Add Multimodal Output Support for `execute_xxx` Series Tools

## Summary

Currently, the execution result tools in `jupyter_mcp_server/server.py` (e.g., `append_execute_code_cell`, `execute_cell_with_progress`, etc.) only return text output, displaying only a `"[Image Output (PNG)]"` placeholder for image outputs. It is proposed to add full multimodal output support to fully leverage the visual understanding capabilities of state-of-the-art multimodal large models.

## Core Objectives

1.  **Unleash the Potential of Multimodal Large Models**: Support direct output and analysis of visual content such as images and charts.
2.  **Enhance User Experience**: Allow the Agent to directly "see" and understand data visualization results.
3.  **Maintain Backward Compatibility**: Ensure that LLMs that do not support multimodality can still work correctly through environment variable control.
4.  **Unify Output Format**: Provide consistent multimodal support for all execution result tools.

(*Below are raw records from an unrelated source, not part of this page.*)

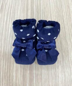 Calzino neonata in caldo cotone, di colore blu con fiocchetto in raso e pois di colore bianco.
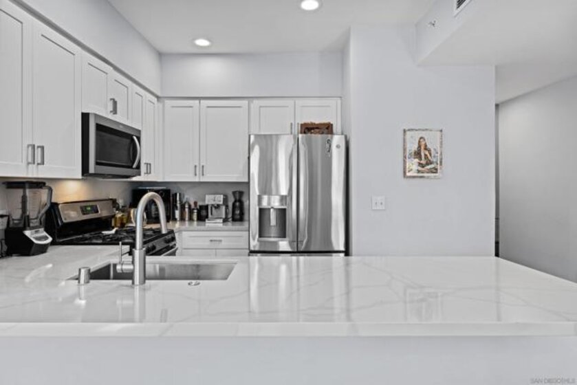 Live in the heart of the Historic Gaslamp Quarter! This residence places you at the center of Downtown San Diego’s most vibrant lifestyle. Step outside your front door to enjoy an incredible selection of cafés, coffee shops, restaurants, and shopping, while the San Diego Bay and the new high-tech office campus at Horton are just a five-minute walk away. The rapidly growing biotech and life-sciences district is only about a 10-minute walk, making this location ideal for those who want true live-work-play convenience. See supplement below.... Offering one of the most desirable layouts in the building—the southwest corner floor plan with split bedrooms and five large sliding glass doors that flood the home with natural light and create wonderful cross breezes throughout the living space. Located within Gaslamp City Square, residents enjoy unmatched walkability with Petco Park, the Rady Shell, Seaport Village, and endless entertainment options just moments away. This residence is also uniquely positioned on the same level as the resort-style courtyard, just steps from the pool, spa, lounge areas, and BBQs, and conveniently located near the fitness center. Inside, the home features a newly remodeled kitchen, updated showers, newer A/C unit, updated lighting, and modern flooring, creating a stylish and comfortable urban retreat. With its prime corner location, abundant natural light, thoughtful upgrades, and unbeatable walkability, this residence offers the ultimate urban living experience in the heart of Downtown San Diego. Get ready to upgrade your lifestyle and book a tour today.
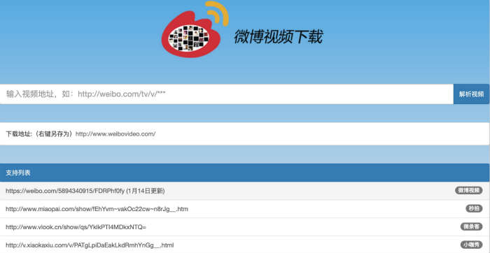 微博视频解析下载:https://www.weibovideo.com/

## Analysis of Current Problems

### Affected Functions (5)
Functions that currently return execution results but do not support multimodality:
- `append_execute_code_cell(cell_source: str) -> list[str]`
- `insert_execute_code_cell(cell_index: int, cell_source: str) -> list[str]`
- `execute_cell_with_progress(cell_index: int, timeout_seconds: int = 300) -> list[str]`
- `execute_cell_simple_timeout(cell_index: int, timeout_seconds: int = 300) -> list[str]`
- `execute_cell_streaming(cell_index: int, timeout_seconds: int = 300, progress_interval: int = 5) -> list[str]`

### Limitations of Current Output Processing

**In `jupyter_mcp_server/utils.py`:**
```python
elif "image/png" in data:
    return "[Image Output (PNG)]"  # Only returns placeholder text
```

**Advanced Implementation:**
```python
elif ("image/png" in output['data']) and ALLOW_IMG:
    raw_image_data = base64.b64decode(output['data']['image/png'])
    processed_image_data = self._preprocess_image(raw_image_data)
    return Image(data=processed_image_data, format="image/png")  # Returns the actual image object
```

### Environment Variable Configuration

```json
{
  "mcpServers": {
    "jupyter": {
      ...
      "env": {
        ...
        "ALLOW_IMG_OUTPUT": "true"
      }
    }
  }
}
```

## Output Example

### Current Output (Text Only)
```python
# Execute code containing a matplotlib chart
result = await execute_cell_with_progress(2)
print(result)
# ['import matplotlib.pyplot as plt\nplt.plot([1,2,3,4])\nplt.show()', '[Image Output (PNG)]']
```

### Improved Output (Multimodal)
```python
# Enable image output
result = await execute_cell_with_progress(2)
print(result)
# [
#   'import matplotlib.pyplot as plt\nplt.plot([1,2,3,4])\nplt.show()', 
#   Image(data=b'...', format='image/png')  # Actual image object
# ]

# Disable image output (compatibility mode)
result = await execute_cell_with_progress(2) 
print(result)
# [
#   'import matplotlib.pyplot as plt\nplt.plot([1,2,3,4])\nplt.show()', 
#   '[Image Output (PNG) - Image display disabled]'
# ]

```

## Typical Use Cases

### Data Visualization Analysis
```python
# The Agent can "see" and analyze charts
await append_execute_code_cell("""
import matplotlib.pyplot as plt
import pandas as pd

df = pd.read_csv('sales_data.csv')
df.plot(kind='bar', x='month', y='revenue')
plt.title('Monthly Revenue')
plt.show()
""")
# Returns: ['DataFrame plotted successfully', Image(...)]
# The Agent can now understand the chart content and provide insights based on visuals
```

### Machine Learning Model Visualization
```python
# The Agent can analyze model training curves
await execute_cell_with_progress(5)  # Cell containing a loss function chart
# Returns: ['Training completed', Image(...)]
# The Agent can evaluate the training effect and suggest optimization strategies
```

## Compatibility Considerations

### Backward Compatibility Guarantee
1.  **Enabled by Default**: `ALLOW_IMG_OUTPUT=true` ensures that the new feature is available out of the box.
2.  **Graceful Degradation**: LLMs that do not support multimodality will still receive text descriptions.
3.  **Error Handling**: Automatically degrades to text output when image processing fails.
4.  **Type Safety**: Use `Union[str, Image]` to ensure type checking passes.

## Additional Notes

This improvement proposal is inspired by [Anthropic's article on writing effective tools for AI Agents](https://www.anthropic.com/engineering/writing-tools-for-agents). The article emphasizes:

> **Tools should return meaningful contextual information to the Agent**
> 
> Tool implementations should prioritize contextual relevance over flexibility, avoiding the return of low-level technical identifiers.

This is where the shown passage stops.